Cuando, por fin, me estaba quedando dormido comencé a notar cómo algo se movía alrededor de mi cuello. Era mi almohada que se convertía en serpiente.
Yo no podía moverme, no se si a causa del miedo o de ese sopor que precede al sueño y que invade el cuerpo impidiendo que los músculos y la mente reaccionen a tiempo. 
Lo cierto es que ese tacto viscoso de las escamas al resbalar no dejaba lugar a dudas. Mi almohada era un reptil que había cobrado vida para devorarme poco a poco.
Ví cómo su extremo se alzaba en el aire y se iba inflando. 
De la tela blanca comenzó a surgir una espantosa cabeza ovalada con dos ojos afilados y encendidos como antorchas. La cremallera era la boca, burlona y malvada. De ella brotaron dos colmillos de marfil repletos de saliva venenosa. 
La cara de la serpiente me miraba fijamente con sus ojos clavados en los míos, que estaban tan llenos de pavor que ni parpadeaban. 

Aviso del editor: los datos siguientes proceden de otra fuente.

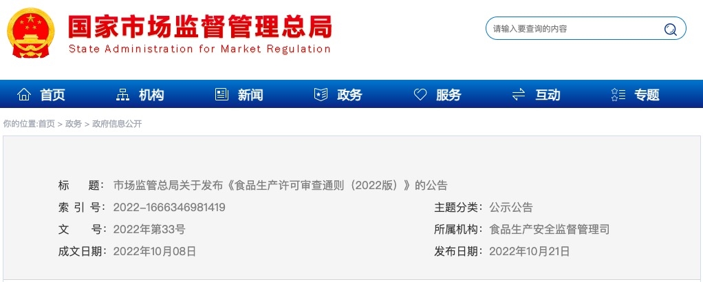 食品生產(chǎn)許可審查通則(2022版)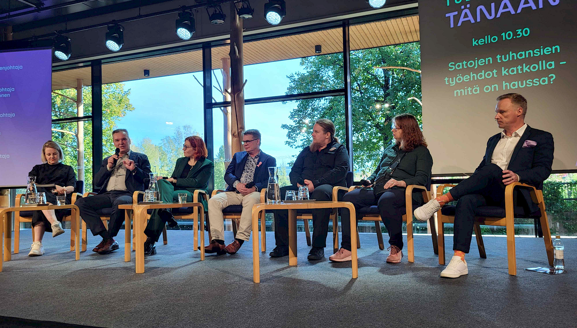 Juontaja Laura Friman (vas.), Sähköliiton puheenjohtaja Sauli Väntti, PAMin puheenjohtaja Annika Rönni-Sällinen, SEL:n puheenjohtaja Veli-Matti Kuntonen. AKT:n puheenjohtaja Ismo Kokko, Teollisuusliiton puutuotesektorin johtaja Katariina Stoor ja juontaja Sami Turunen Tulevaisuus tänään -tapahtumalavalla. SAK:n puheenjohtaja Jarkko Eloranta linjasi avasi SAK:n järjestämän Tulevaisuus tänään -tapahtuman Pikku-Finlandiassa 5.10. Helsingissä.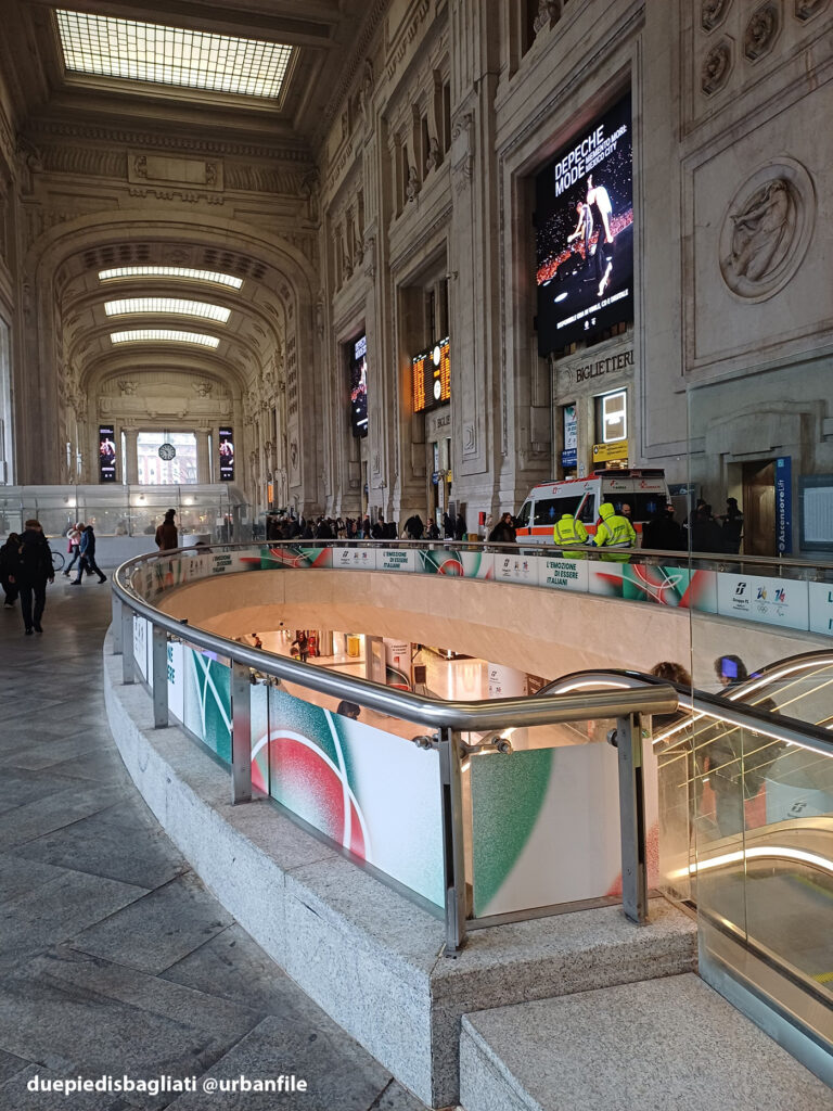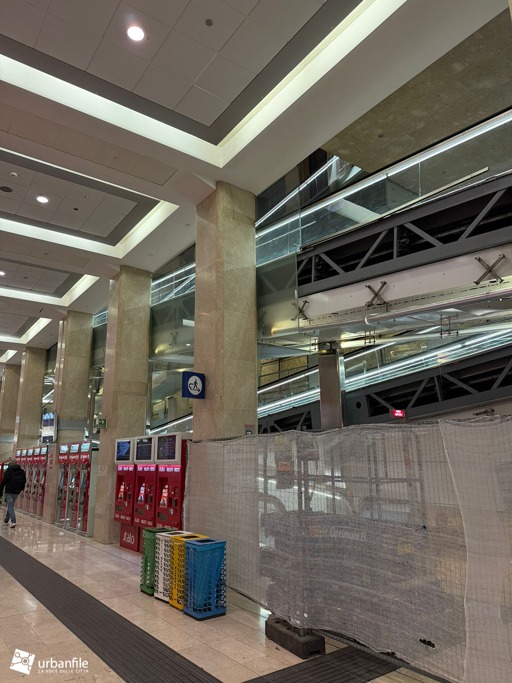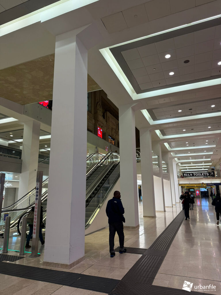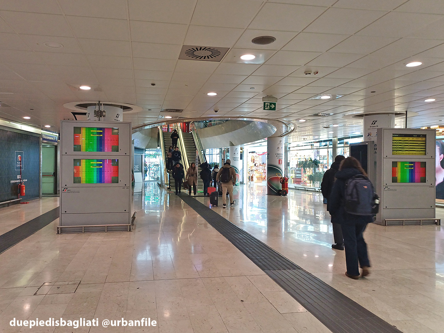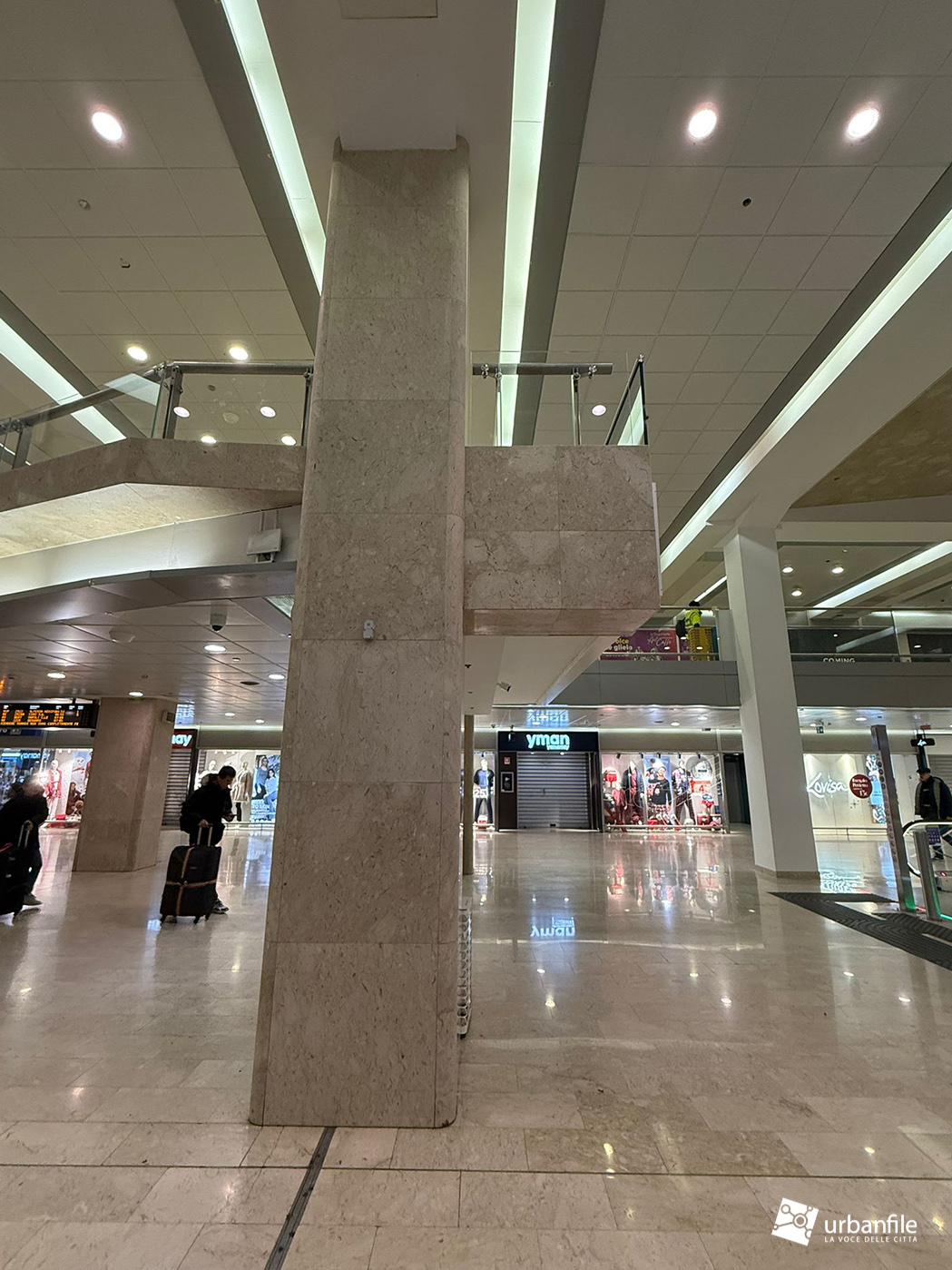Inoltre, contrariamente a quanto mostrato nei rendering, le lastre di marmo che rivestivano i pilastri non sono state reinstallate, lasciandoli a intonaco a vista. Ci si augura che possano resistere agli urti di bagagli e a utilizzi maldestri.
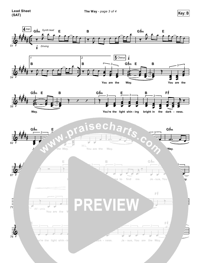 Download the sheet music for The Way by Worship Central, from the album Set Apart. This song was arranged by Erik Foster / Daniel Galbraith in the key of B, Bb.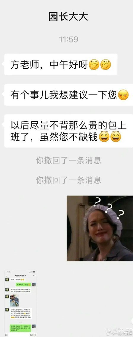 園長雖然當下跟家長保證:「老師的工作與她的經濟條件無關,您這就多慮了」,但回頭還是建議老師盡量不要背那麼貴的包上班,老師莫名其妙地傳出了問號的表情包,網友也紛紛傻眼表示:「管的真寬」,「她不會以為老師是她保母吧」、「別人揹什麼包跟工作有關係嗎?」、「回她:『貴嗎?這是我最便宜的包了』」更有同為家長的網友指出,相比之下更喜歡家境條件好的老師,「人家是真的超級喜歡人類幼崽所以才來上班,對孩子比別的老師都更有耐心,孩子們都很喜歡她」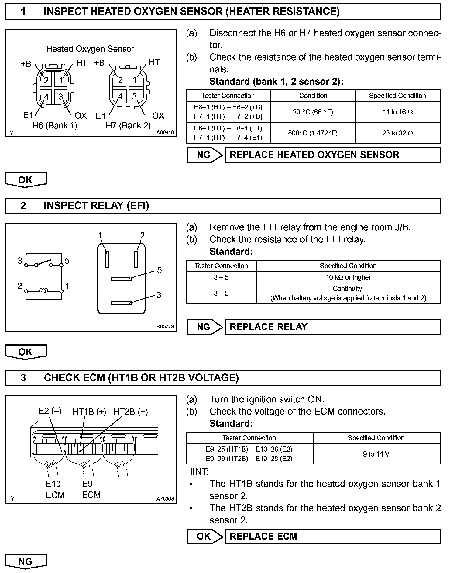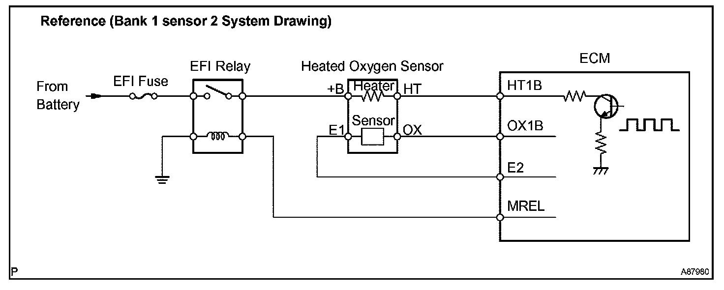 HINT: The ECM provides a pulse width modulated control circuit to adjust current through the heater. The heated oxygen sensor heater circuit uses a relay on the +B side of the circuit.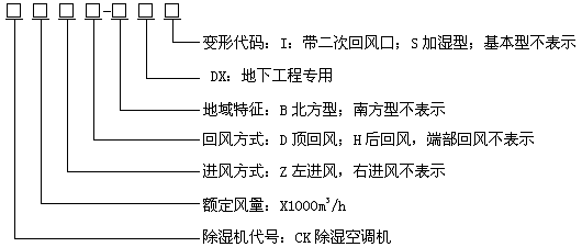 型號示例: CK12-DX 表示名義風(fēng)量為12000m3/h,回風(fēng)方式為端部回風(fēng)的南方型地下工程用除濕空調(diào)機(jī),面對機(jī)組控制器,回風(fēng)口在右側(cè)。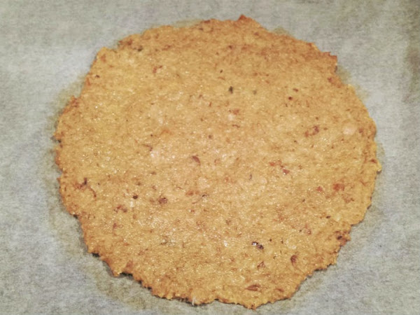Se pone encima del papel de horno y se extiende con la ayuda de la base redonda de la cuchara hasta formar una capa fina.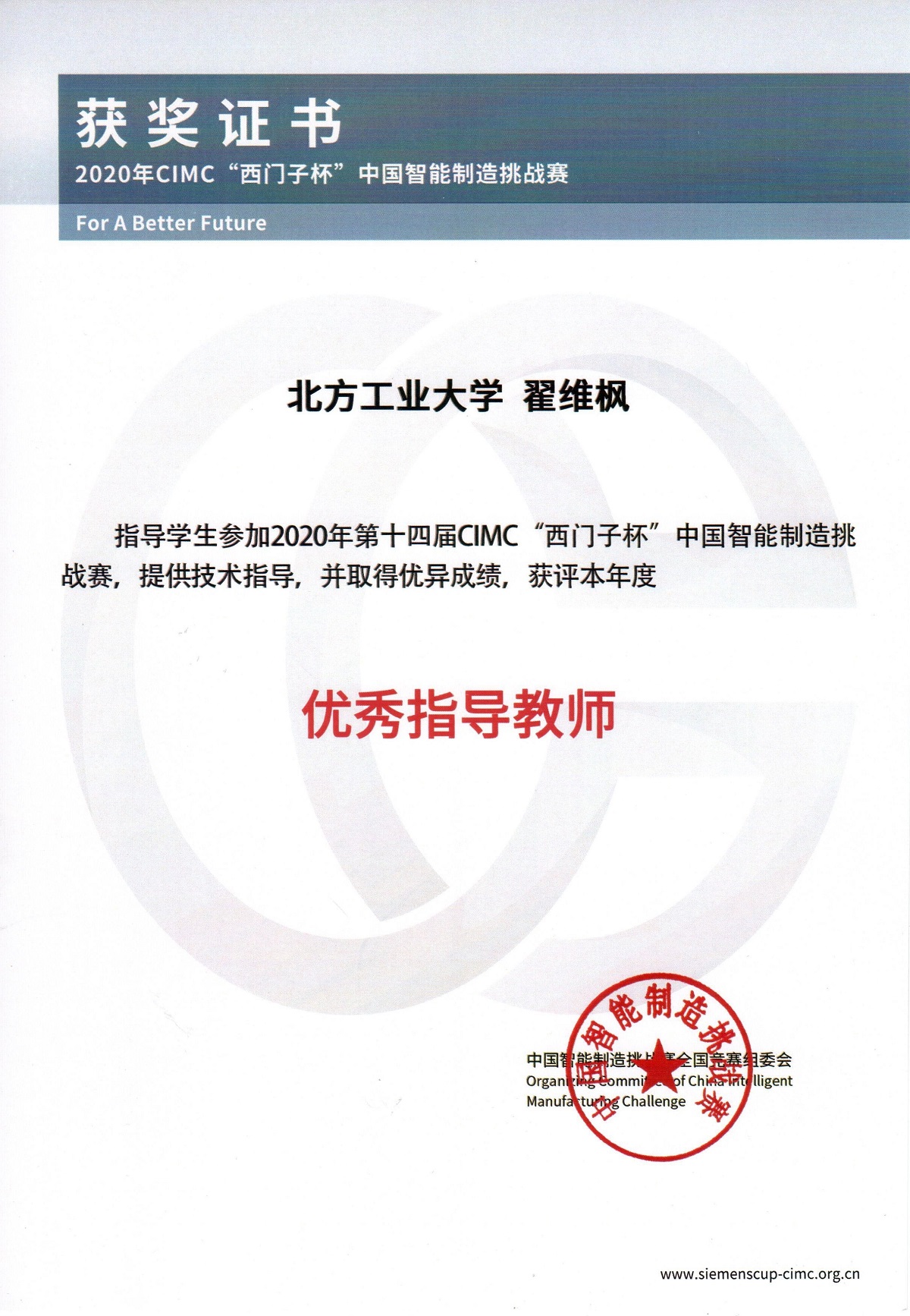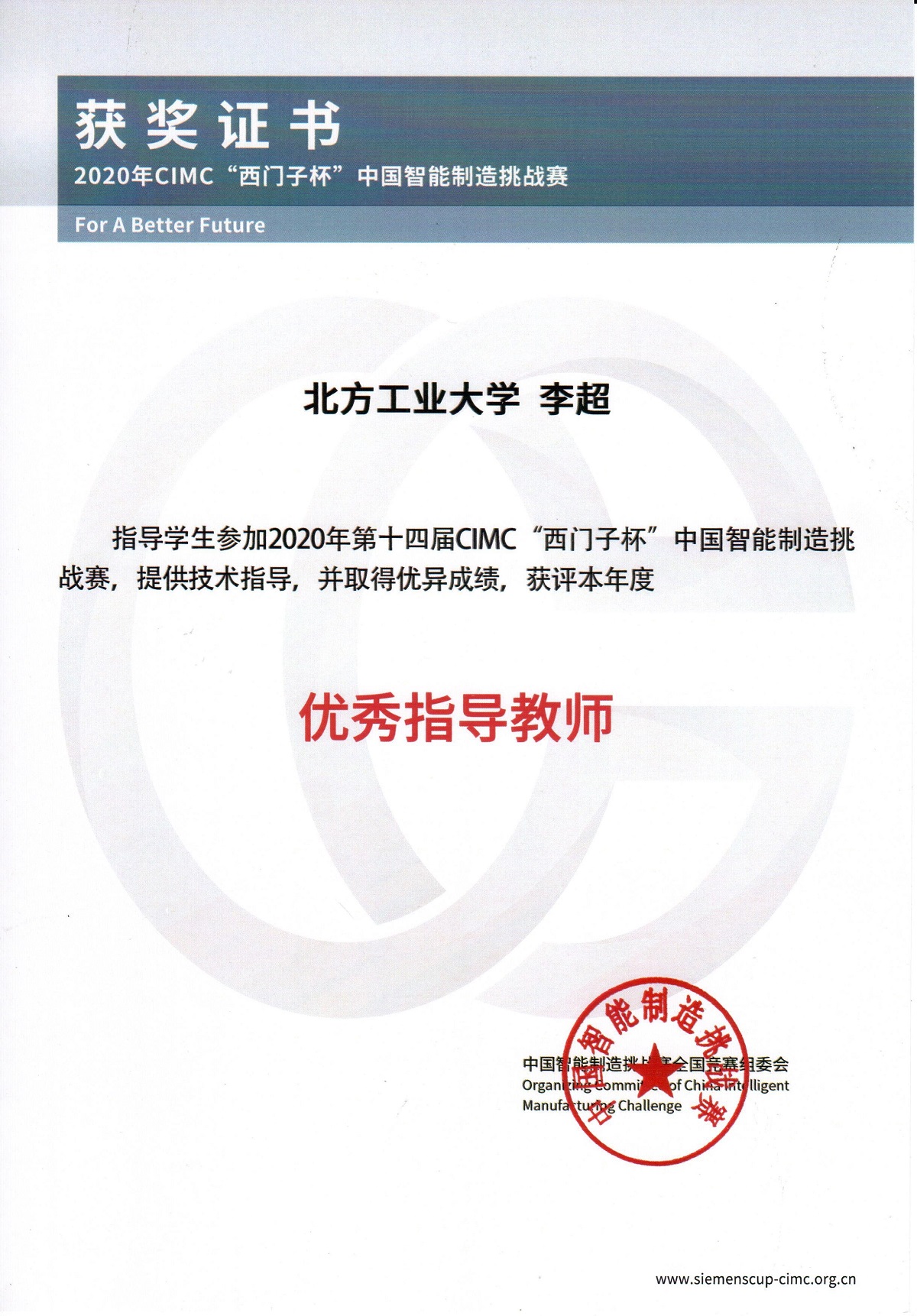近日,第十四届“西门子杯”中国智能制造挑战赛(CIMC)复盘会暨颁奖礼采用线上方式举行,竞赛组委会发布了获奖名单,由公司最靠谱的十大足球平台李超、翟维枫、庞中华老师指导的2支参赛队获工业自动化(线上)方向全国总决赛特等奖、二等奖各1项。李超、翟维枫2位老师获评本年度优秀指导教师。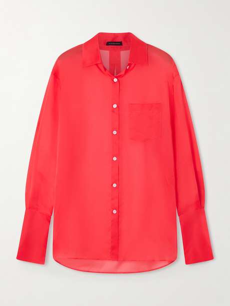 Kiki de Montparnasse's shirt is a statement addition to any wardrobe. This style is tailored from coral-colored silk-organza and finished with a classic pointed collar. Wear yours over lingerie or swimwear.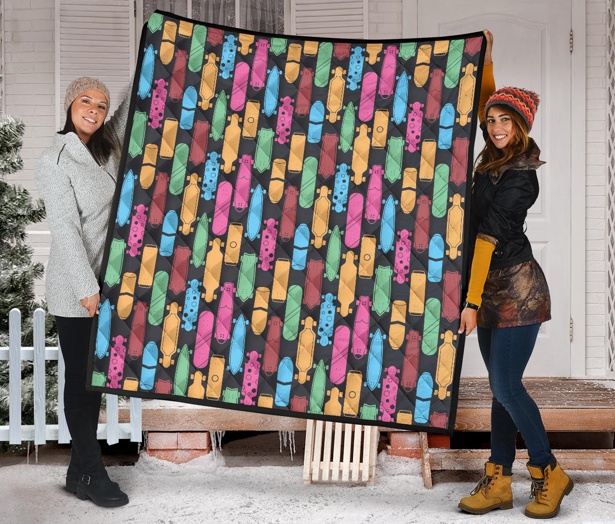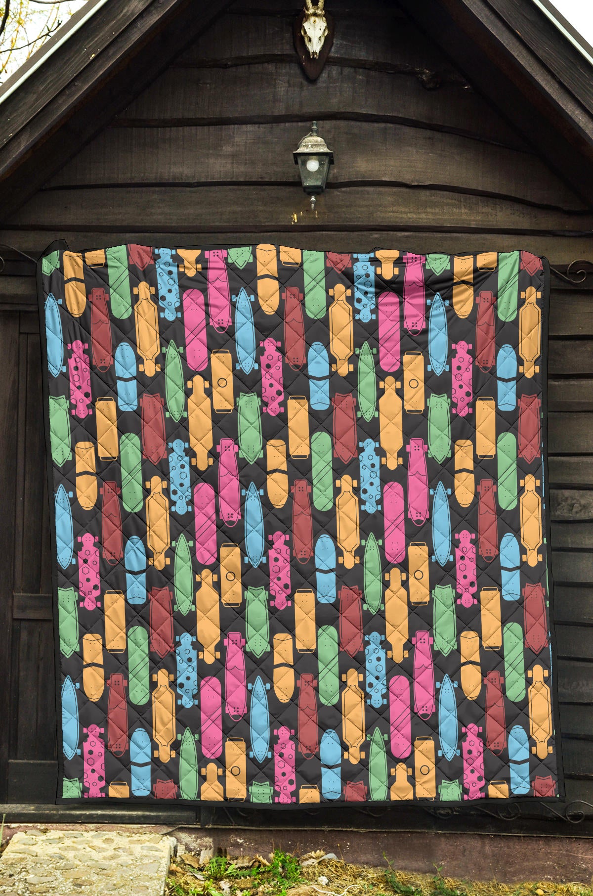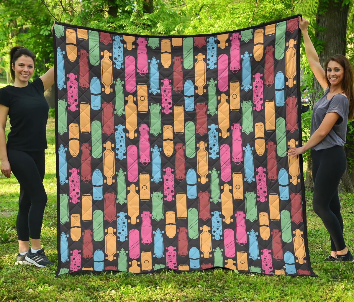 Skate Board Pattern Print Design 02 Premium Quilt is a uniqued design and limited item. It made to order, hand printed, and sewn with love in our factory.

Poco a poco se iba acercando con lentos movimientos de serpiente acorralando. Mientras tanto yo permanecía quieto, a su merced, estrangulado por la tripa que pronto me digeriría, viendo esa asquerosa boca salivar, como una gruta sin fondo, húmeda y mohosa. 
¡Qué asco su lengua! ...Un trozo de lija puntiagudo y rojo.
Pobre de mí...
No me dio tiempo a seguir pensando en el calvario que supone ser tragado vivo, pues la serpiente lanzó un mordisco que se llevó mi cabeza...   ...Y así, pude ver el infierno por dentro.
No había fuego ni azufre ni calderos hirviendo. Lo que vi en el infierno era una réplica exacta de la vida. Todos los días igual. La condena de un tedio clonado, prolongado para siempre.
Me vi envejeciendo entre gente extraña que me sonreía. Ahí, callado, sin hablar, condenado. Dejándome la vida en cosas que ni siquiera me apetecía tener. 
Lo peor del infierno es que no era un lugar de fábula, sino otro que ya conocía de sobra porque llevaba viviendo en él toda mi vida sin darme cuenta. ¡Era peor de lo que había imaginado! 
Comencé a llorar mientras la serpiente seguía masticando. Hacía el mismo ruido al masticar que el segundero de un reloj. 
Yo deseaba ver tripas y sangre, sombras alargadas, paredes oscuras... En lugar de eso aparecían ante mí las mimas calles, las mismas aceras, la misma gente de mármol, el mismo cielo abalanzándoseme...
Cuando la serpiente terminó de tragar mi cabeza lanzó un eructo que me despertó. Coincidió que eran las ocho de la mañana. 
Amanecí decapitado, sin almohada, sin amigos, sin tiempo... Peor aún, amanecí sin miedo al infierno.